Snark. Gobble. Watch Out!

The few brain cells I have left are in the snarky, pissy, fed-up-with-stupid department. Yeah, I’m fresh out of sunshine and looking for a rumble. Am stupefied by three things so far today:

  • Lindsay Lohan is out of jail and rehab. That’s so terrific, she was there all of about 5 minutes. You professionals in charge of her in California are brainiacs and humanitarians. I’m sure she’s totally changed; why, she’s probably headed over to join an evangelical church community …. after she does her press round for an upcoming movie she’s in. Where she can turn her nose up at a handle, a bowl, a little rowdy powder. Because you have done such a fine job helping her. Wretched morons. The round, hairy blobs sitting on your necks are USELESS.
  • This is true and repulsive on every level. Deal with it. A woman we will call Stupid Head needed a bikini wax. So she went to her nail salon. (First clue that things will not go well – unless she wanted a mani/pedi on her hooha). Stupid Head climbs up on the grotty pleather table, probably purloined from Dr. Demento, and shows her stuff to the “technician” (this word is used very loosely). Scald, press, rip. Scald, press, rip. And Stupid Head is outta there, feeling lighter (skin loss) and smarter than everyone else (she got a bikini wax for 1/24th of what the normal cost is). Well, Miss I’m-So-Thrifty should have held off celebrating. She got a flesh-eating disease in her privacy (oh, I could do so much with this). A couple thousand dollars later, she was cured. There’s no telling what the state of her leg union is, but I don’t want to know. And I can’t leave you with that bad visual, so I’ll tell you how stupid I am (do not agree with me under any circumstances; you’ve been warned).

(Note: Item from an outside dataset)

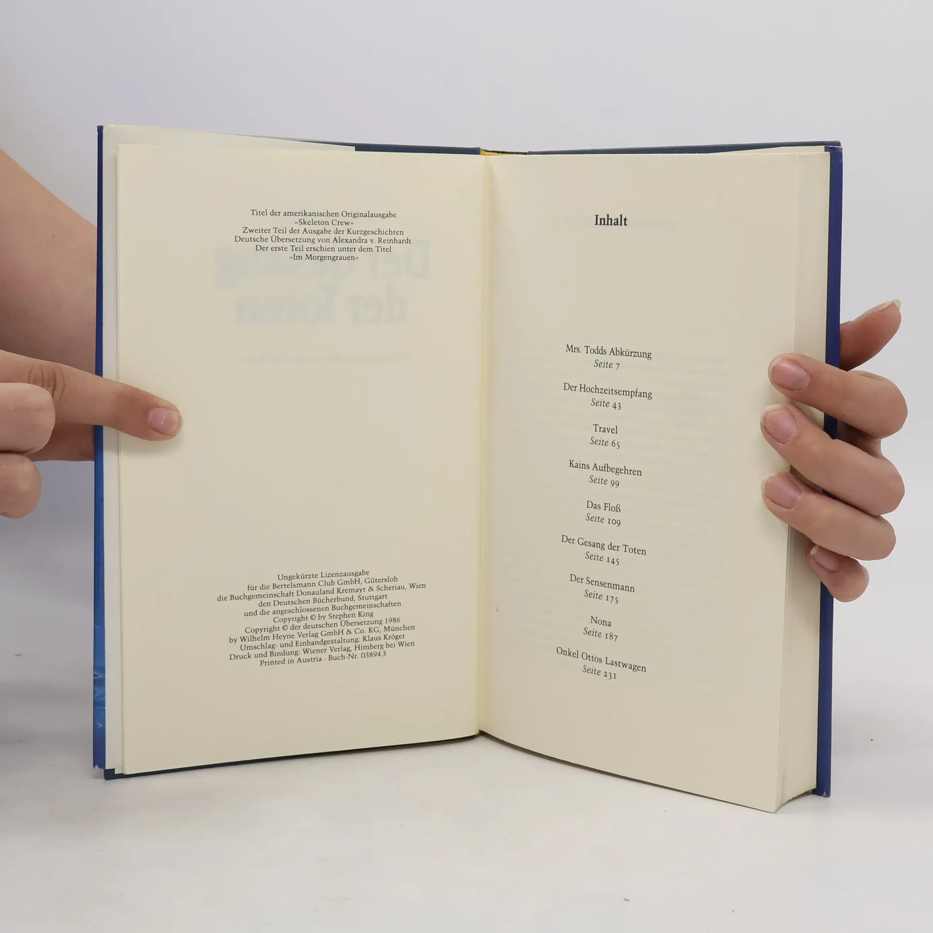* Mrs. Todds Abkürzung * Der Hochzeitsempfang * Travel * Kains Aufbegehren * Das Floß * Der Gesang der Toten * Der Sensenmann * Nona * Onkel Ottos Lastwagen Teil eins von drei der deutschsprachigen Ausgabe von \"Skeleton Crew\"

  • It took me two years to buy some replacement bags for my vacuum cleaner. Mind you, I don’t use it but I pay someone else to because I recognize where I am challenged. Plus, I could learn a thing or two from her as she makes much more $$$ than I do. But I digress. She’s been using an extra vacuum she has – for two years. Yes, I am a procrastinator of the highest order. Or a lazy slug. Take your pick. I will say the stupid cleaner bags were so obscure I had to go over the river and through the woods, up the down staircase, and around the bend to find them. But that was ridiculous. Maybe I should move to California and run rehab facilities … or the court.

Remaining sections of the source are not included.